It is critical that the person who leads the discussion makes the attendees comfortable and facilitates the discussion in a nonconfrontational way. During review meetings, stakeholders tend bring up negative experiences, so keeping the discussion balanced is vital to ensuring that stakeholders identify lessons learned as opposed to assigning blame.

Some participants may be introverted or lack the confidence to speak. Encourage them to participate. In my personal experience, some of the most valuable contributions come from those who quietly evaluate their observations before bringing them up in front of others.

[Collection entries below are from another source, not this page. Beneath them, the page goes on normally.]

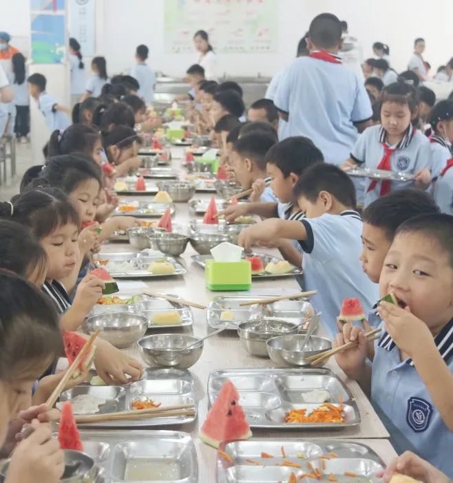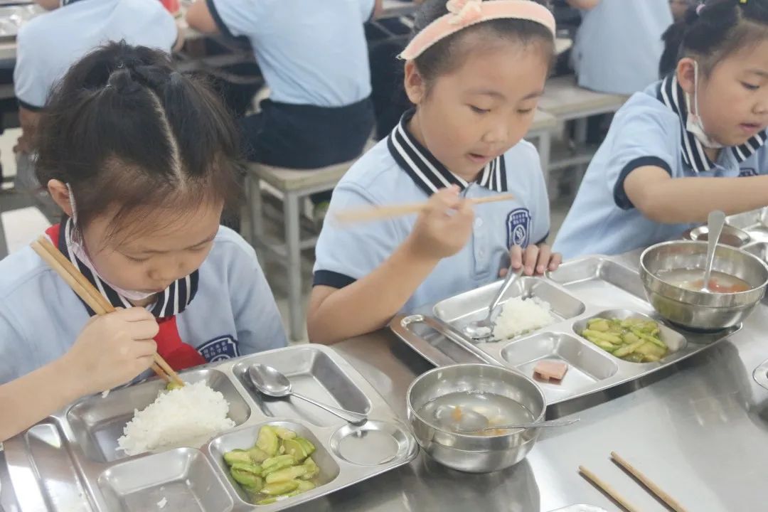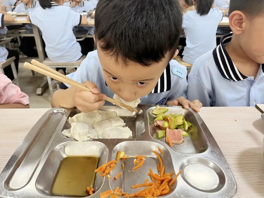 食堂就餐 在老師們的帶領(lǐng)下,每個(gè)班級(jí)都有序地進(jìn)行用餐。新生們很快就學(xué)會(huì)了如何排隊(duì)領(lǐng)取午餐并文明用餐。種類豐富,美味可口的佳肴讓人大快朵頤,處處可見(jiàn)洋溢著幸福滿足的笑臉。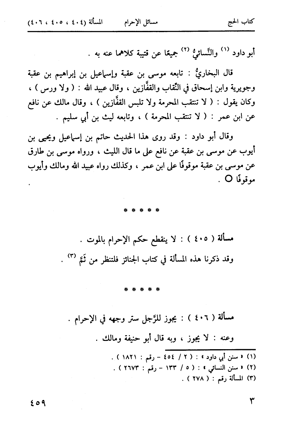 قال البخاريُّ: تابعه موسى بن عقبة وإسماعيل بن إبراهيم بن عقبة وجويرية وابن إسحاق في النِّقاب والقفَّازين، وقال عبيد الله: (ولا ورس)، وكان يقول: (لا تنتقب المحرمة ولا تليس القفَّازين)، وقال مالك عن نافع
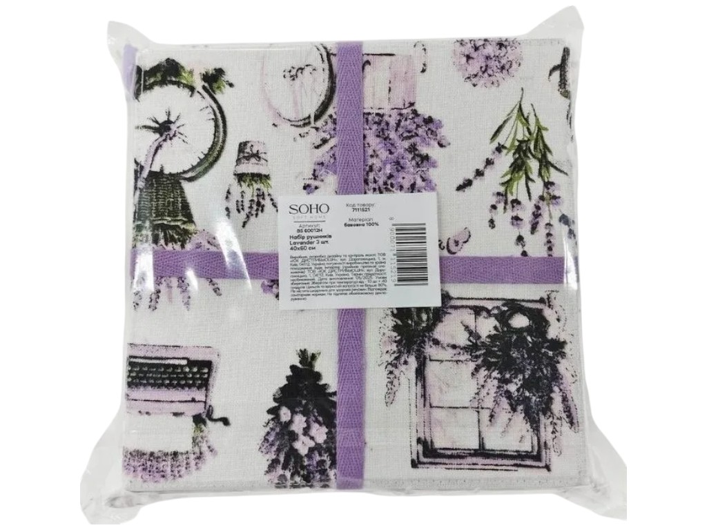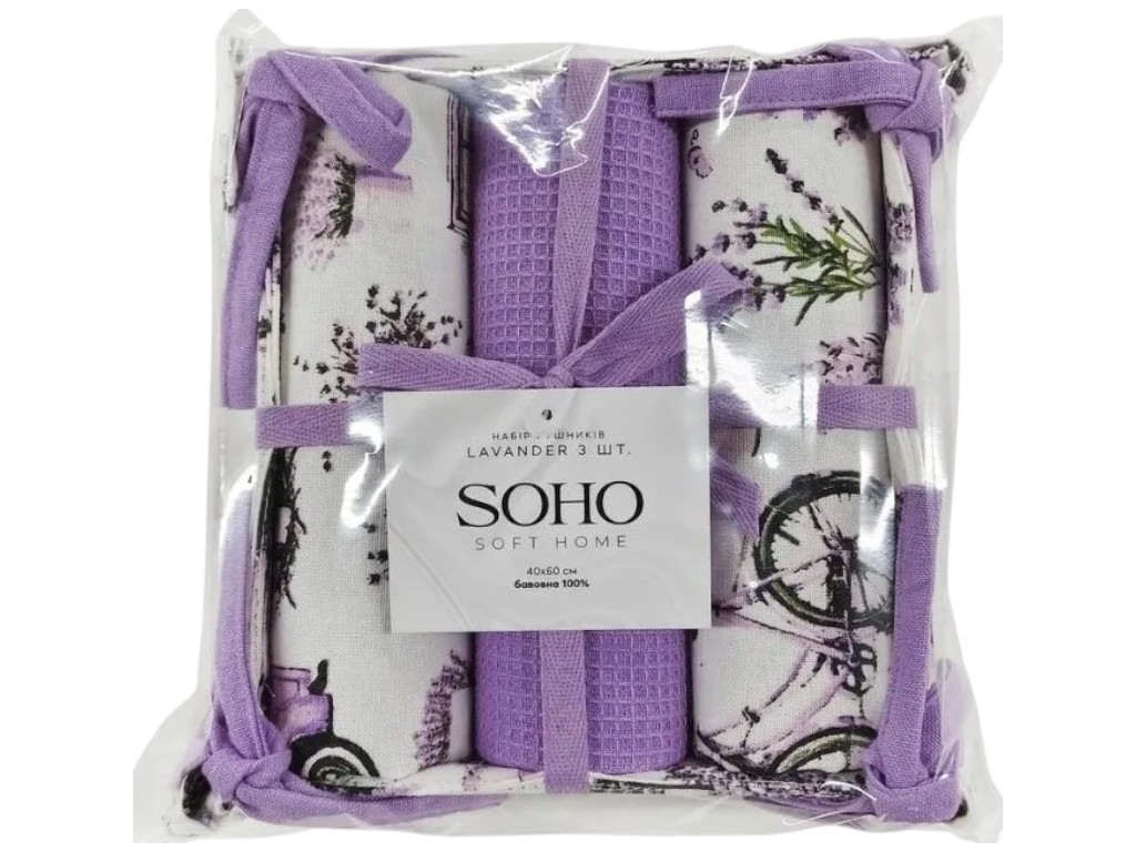Набор кухонных полотенец Soho Lavander украшен рисунком с лавандой и элементами прованского стиля. Полотенца изготовлены из 100% хлопка вафельного плетения с плотностью 170 г/м². Материал мягкий, приятный на ощупь, хорошо впитывает влагу и быстро сохнет. В комплект входят три полотенца — два с декоративным рисунком и одно однотонное сиреневое. Комплект станет не только практичным помощником на кухне, но и красивым элементом декора. Полотенца уложены в тканевую коробку с лентами, что делает набор готовым подарочным вариантом.

Lastly, an excellent technique to facilitate a meeting is to ask open-ended questions and then follow up with specific targeted questions to extrapolate further details. Starting with open-ended questions allows the facilitator to collect general feedback before drilling into specific areas of interest.

The Deming Cycle

The Deming cycle is a continuous quality improvement model that consists of a sequence of four steps: Plan, Do, Check, and Act (PDCA), as depicted in Figure 4.7. The PDCA cycle is a fundamental tenet of many quality management standards, such as ISO/IEC 27001.¹²

• Plan Review and evaluate a cyber breach response program regularly. The purpose of the review is to identify any underperforming areas, as well as to determine any required changes to the program in response to increased cyber risk, legal and regulatory requirements, or changing business objectives. As part of this step, organizations also need to establish the current state and a future desired state, as well as the metrics necessary to measure progress against improvement objectives.
• Do Conduct a trial of specific improvement initiatives through a small pilot project. As part of the trial, collect the quantitative data necessary to establish whether the initiatives achieve the desired outcome.
• Check After conducting a trial, process, organize, and analyze the collected data. The purpose of this phase is to produce and analyze metrics to determine whether the initiatives achieved the desired outcome. If the initiatives failed to produce the desired results, go back to planning.
• Act If the piloted improvement initiatives produced the desired outcome, make them permanent and update processes and the necessary documentation. The improved state becomes the baseline for the next iteration of the PDCA cycle.

DIKW Hierarchy

The DIKW hierarchy is a knowledge management model that describes how data evolves into information, knowledge, and wisdom, respectively, as represented in Figure 4.8.¹³

• Data The evolution starts with generating data. Data is a set of discrete elements that do not provide any meaning by themselves. Security event logs that systems and applications generate are an example of data.
• Information When an enterprise processes, organizes, and structures data in a way that makes it meaningful, the data becomes information. For example, when a security analyst processes and organizes the event logs mentioned earlier, they might discover that 100 authentication attempts occurred on a specific system during the previous days with three user accounts. Eighty percent of those authentication attempts failed and were associated with a single user account. Enterprises can derive information from data by asking the who, what, when, and where questions.
• Knowledge Organizations form knowledge by applying context and experience to information, as well as by connecting it with other pieces of information. Following the previous example, the analyst might determine that the authentication failures occurred as a result of a password brute-force attack. To derive knowledge from information, organizations need to answer the how question.
• Wisdom Wisdom is the last step in the hierarchy, and it represents knowledge applied in action. Considering the previous example, the analyst may determine that a threat actor gained access to the network and performed a password brute-force attack in an attempt to elevate their privileges.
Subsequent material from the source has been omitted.